Merger: we’re not talking now, but we might be talking later

Print More

It may be a simple question–are PRI and NPR talking about a merger?–but that doesn’t mean it gets a simple answer. To keep their options open, the presidents of the two networks are employing nuances that reach beyond the English of newspaper headlines and into metaphysical realms of potentiality.

Asked to clarify their positions Feb. 19 [1998], NPR’s Delano Lewis said talks with PRI are still ongoing and PRI’s Stephen Salyer said they’re not, “currently.”

Lewis was questioned at the NPR Board meeting after trade periodicals delivered conflicting assessments that both came from Salyer:

  • “NPR-PRI merger talks are off, says Salyer,” said the headline of Current‘s Feb. 2 article. The networks will continue discussing ways to cooperate, but, “From PRI’s perspective, there are no active conversations at this time about merger,” Salyer said.
  • “Merger talks with NPR remain open–Salyer,” headlined a competing newsletter, Public Broadcasting Report on Feb. 13. Salyer “remains open to merger discussions,” the newsletter reported. He said the situation hadn’t changed since October, when the merger talks were disclosed. At that point, PRI “put issues on the table … principles we needed to agree upon,” he added.

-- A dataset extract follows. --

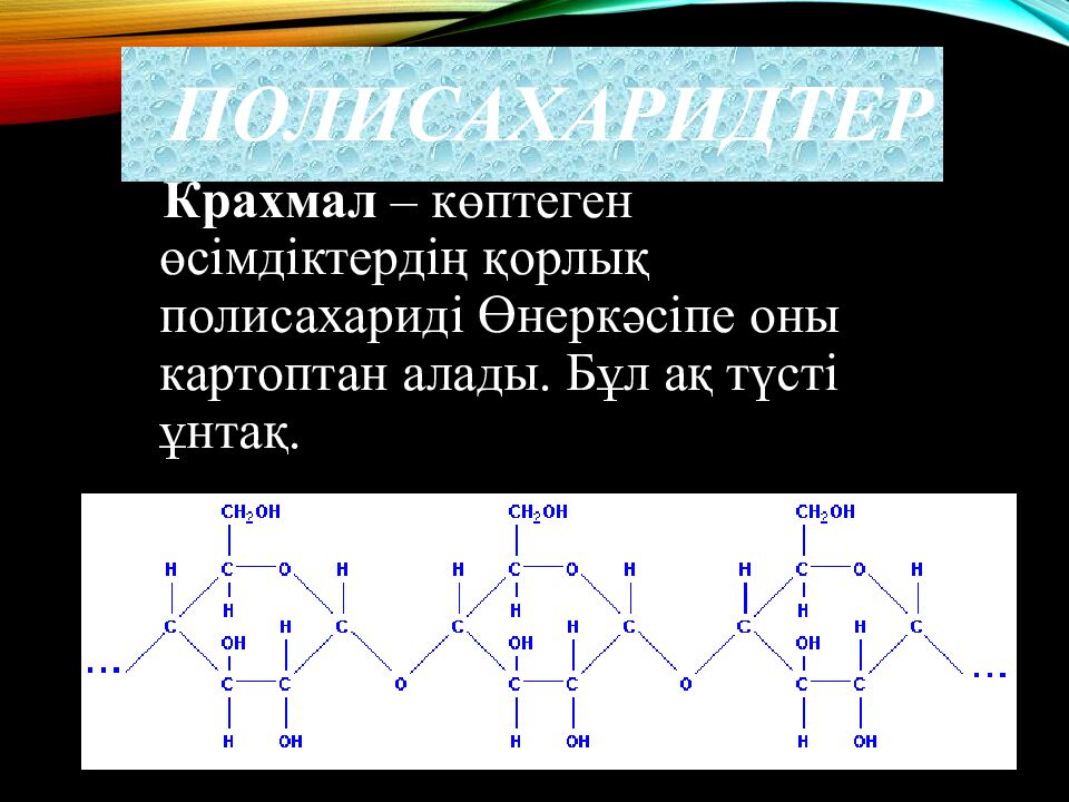 Крахмал – көптеген өсімдіктердің қорлық полисахариді Өнеркәсіпе оны картоптан алады. Бұл ақ түсті ұнтақ.

So, talks about a merger were not happening at the time–they were “off” at the moment anyway, but PRI was open to them. Could both headlines be correct?

Perhaps so, judging from PRI’s clarification, issued Feb. 19: “PRI is not currently in conversations with NPR about merger. The door remains open, however, to exploring ways in which the two companies can collaborate to the benefit of public radio.”

Some kind of cooperation short of merger appears to be the most likely outcome. Lewis told the board that talks may lead to “collaborative projects.” Salyer also acknowledged in January that the NPR Board is unlikely to accept a change in its board composition–one of the “principles” necessary for an all-out merger that PRI laid down in October.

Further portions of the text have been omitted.